Staged Extraction - EXPERIMENTAL¶
Overview¶
Staged extraction is a multi-pass extraction mode for the LLM backend when using many-to-one processing. It is useful for complex nested templates and for models that benefit from smaller, focused tasks.
Set extraction_contract="staged" in your config or use --extraction-contract staged on the CLI. Staged currently uses legacy prompt-schema mode only (no API-level structured output) to avoid provider-specific failures; the global structured_output setting does not apply to staged.
Experimental feature - Not production-ready
Staged extraction is still in an experimental phase.
Expect ongoing quality improvements, but also be aware that clean breaks may happen and backward compatibility is not guaranteed yet.
When to use:
- Nested Pydantic templates with lists and sub-objects (e.g. offers with included guarantees)
- You want stable identity-first extraction (IDs from the document, then fill)
- Direct single-pass extraction struggles with consistency
When to use direct (default):
- Flat or simple templates
- You prefer a single extraction pass and programmatic merge
How It Works¶
Staged extraction runs three conceptual phases:
-
Catalog — Built from your Pydantic template. Derives all extractable node types and paths (e.g. root,
offres[],offres[].garanties_incluses[]) and theirgraph_id_fieldsand parent rules. -
ID pass — The LLM discovers node instances per path with only the identifiers (from
graph_id_fields) and parent linkage. Output is a skeleton: path, ids, parent. No full content yet. By default only paths that have identity fields are sent (reducing prompt size and truncation). ID pass can be auto-sharded when the catalog is large (root and top-level paths first); shards run in parallel whenparallel_workers> 1. -
Fill pass — For each path, the LLM fills full schema content for the skeleton instances. Paths are processed in bottom-up order (leaf paths first). Fill calls can run in parallel. Each path gets a projected schema (no nested child paths in the same call), so root and children stay consistent. Results are merged into the root model by parent linkage.
-
Quality gate — After merge, a quick check runs (e.g. root instance present, minimum instances). If it fails, the pipeline can fall back to direct extraction so you still get a result; the trace will indicate why (e.g.

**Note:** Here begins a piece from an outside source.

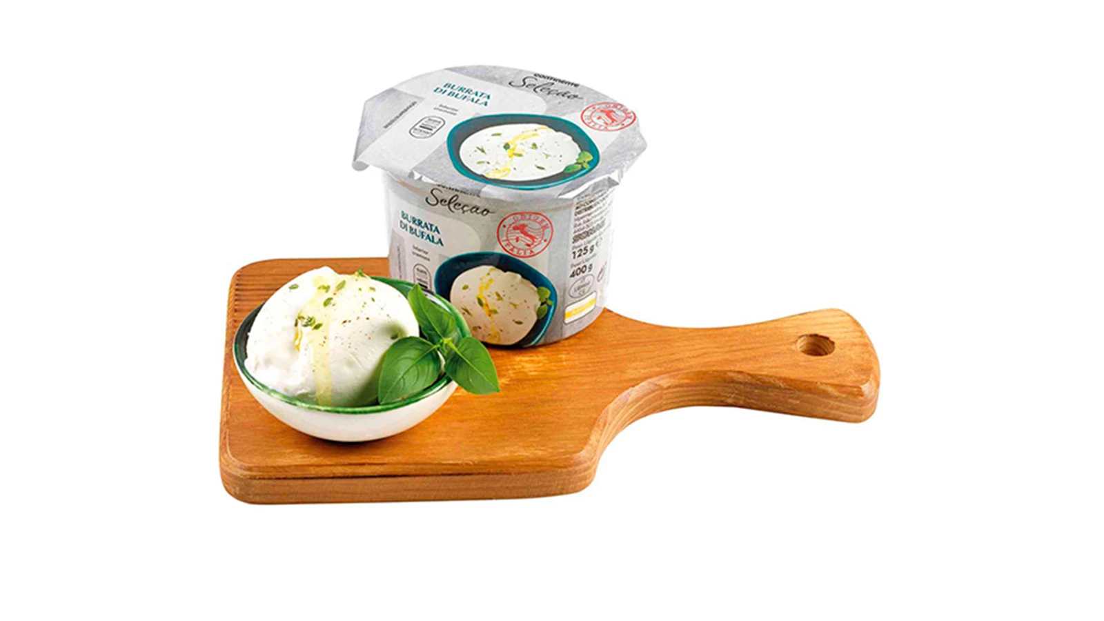 O queijo Mozzarella di Bufala provém da região da Campânia, no sul da Itália, e é um queijo de textura macia e sabor suave. Ao contrário do mozzarella tradicional, é produzido exclusivamente a partir de leite de búfala, o que lhe concede um sabor mais rico e complexo.

fallback_reason: "quality_gate_failed").
List paths and many-to-many — For paths that are lists under another list (e.g. offres[].garanties_incluses[]), the same child entity can belong to multiple parents. The pipeline keeps one descriptor per (parent, child) pair in the ID pass and merge, and fills each unique child once in the fill pass, then reuses that filled object for every parent. That preserves many-to-many relationships in the graph (e.g. one guarantee linked to several offers) without duplicate fill calls.

Schema requirements¶
Staged extraction succeeds when the ID pass can discover node instances (root and nested entities) and the quality gate passes. Your Pydantic template should be designed with that in mind:
- Root model must have
graph_id_fieldsso at least one root instance can be discovered. - Entities that should appear in the ID pass must have
graph_id_fields; use required, short, extractable fields and add schema examples. - Components (
is_entity=False) are not identity paths by default; useedge()withedge_labelwhen they must appear in the catalog. - Keep nesting depth and catalog size reasonable to avoid truncation and excessive sharding.
For a domain-agnostic checklist, identity best practices, and troubleshooting (e.g. mapping missing_root_instance or insufficient_id_instances to schema fixes), see Schema design for staged extraction.
Staged-friendly template guidelines¶
Templates with many nested entities (e.g. list[Exclusion] with Exclusion containing list[Bien]) produce a large catalog and more ID-pass shards. That can lead to slower runs, more truncation, and retries. To keep the ID pass fast and reliable:
- Prefer
list[str](or other shallow types) for high-cardinality nested concepts when you only need labels or short values (e.g. exclusion titles, bien names). The catalog does not create node paths forlist[str], so you get fewer paths and smaller ID responses. - Reserve nested Pydantic entities (
list[SomeModel]) for when you need full structure and identity in the graph (e.g. deduplication by id, edges to other entities).
Example: the MRH insurance template has a full variant (docs/examples/templates/cgv_mrh.py) with Garantie.exclusions_specifiques: list[Exclusion] and Exclusion.biens_exclus: list[Bien], which yields many catalog paths. The staged-optimized variant (docs/examples/templates/cgv_mrh_staged.py) uses exclusions_specifiques: list[str] and biens_couverts: list[str] on Garantie/Option, reducing catalog size and ID pass time while still filling the root structure. Use the staged variant when you want faster extraction and do not need full entity nodes for every exclusion or bien.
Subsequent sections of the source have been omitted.